It seems I’m becoming ever more the observer and
ever less the connector. I find nearly every bastion of the received western
lifestyle boring or meaningless now. Off the top of my head, I can think of
only three things that I can enthusiastically connect with: the interchange of
energy between people, understanding and communing with the deeper reality of
the natural world, and music. Even art pretty much leaves me cold these days,
and philosophy deserves a paragraph to itself.
Philosophers have been throwing their ideas around
for thousands of years, but in the final analysis it’s just so much hot air.
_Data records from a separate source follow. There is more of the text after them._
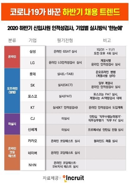 SK, KT, 포스코, 롯데그룹은 오프라인 시험을 유지한다.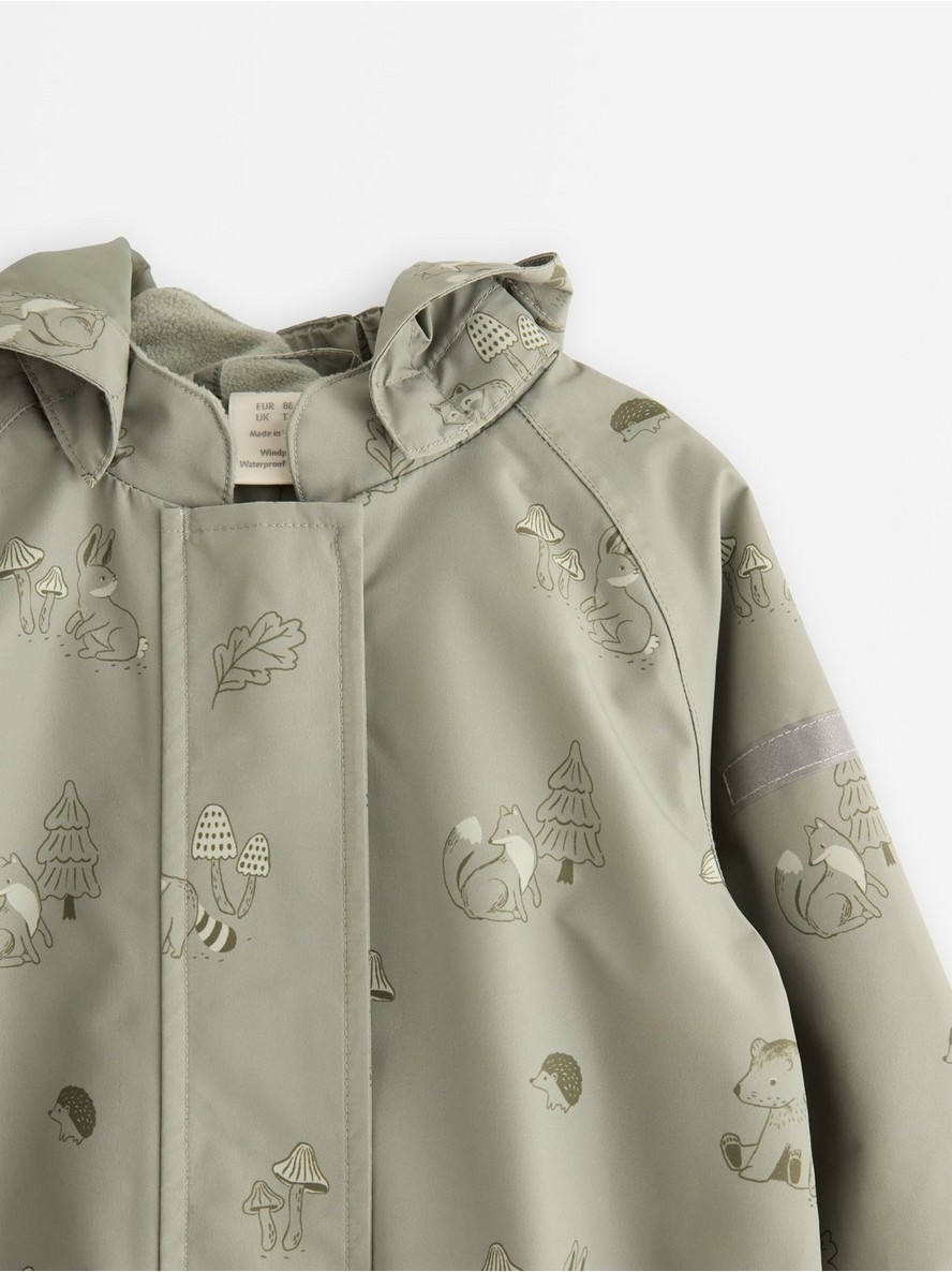 Vodootporan kombinezon sa kragnom obloženom flisom i odvojivom kapuljačom. Kombinezon ima vodootpornost (vodenog stuba) od 2000 mm.
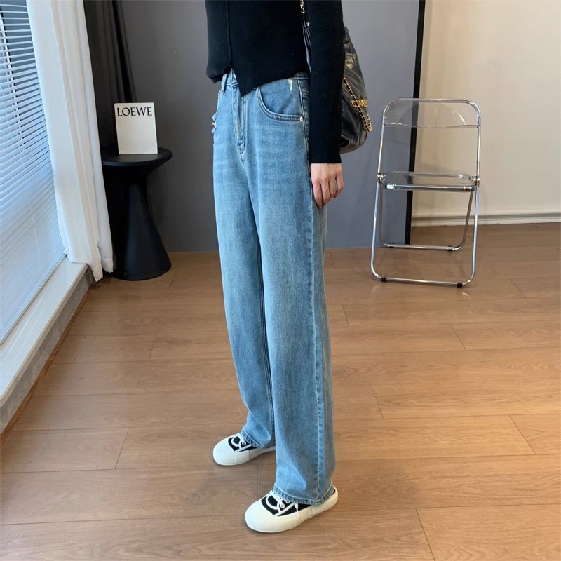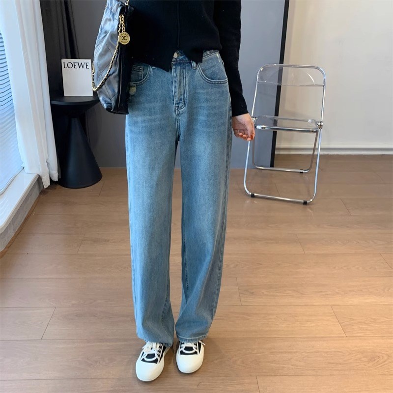 显瘦垂感直筒裤 水泥灰阔腿牛仔裤 女秋冬加绒梨形身材胖mm宽松大码

There’s never anything provable or even definitive. Which doesn’t mean they
shouldn’t do it, of course; I do it myself, and that’s the point. If nothing is
provable, why bother to listen? Why not formulate and endlessly adjust my own
philosophy and stick with it? Truth must surely be a personal thing and found
somewhere deep inside, and as long as I don’t force my philosophy on anybody
else, there’s no harm done. I suppose that gives the hint as to why I find
organised religion an even greater turn off than shopping malls and candyfloss
culture. It’s too much given to imprisoning people within a belief system that
has somehow become doctrinal. But maybe that’s what most people want, or even
need.
I don’t, which I suppose makes me definitely not a
party animal.
4 comments:
I suppose philosophy in it's best form will open discussion and provoke minds into thinking. My problem with philosophy is it's verbosity.
Connecting with the deeper reality of the natural world, gives that much needed space to feel and experience profound inspiration. It gives me a heart sigh!
On this note, I will leave peacefully and not start pondering organised religion...
I suppose so, but I still prefer the idea of starting afresh with my own observations. And we only die in the end anyway.
I'm afraid there's another post on organised religion. I posted it just after you left.
Me too, but I do also like to read others at times, or I get set in my ways!
Beastly JB, I won't be able to resist reading that!
Ah, but you don't get set in your ways, because you keep changing every time you discover that you no longer believe what you did yesterday.
Not that I'm suggesting you should change your ways and stop reading other philosophers, Mel. Not at all. Ha ha.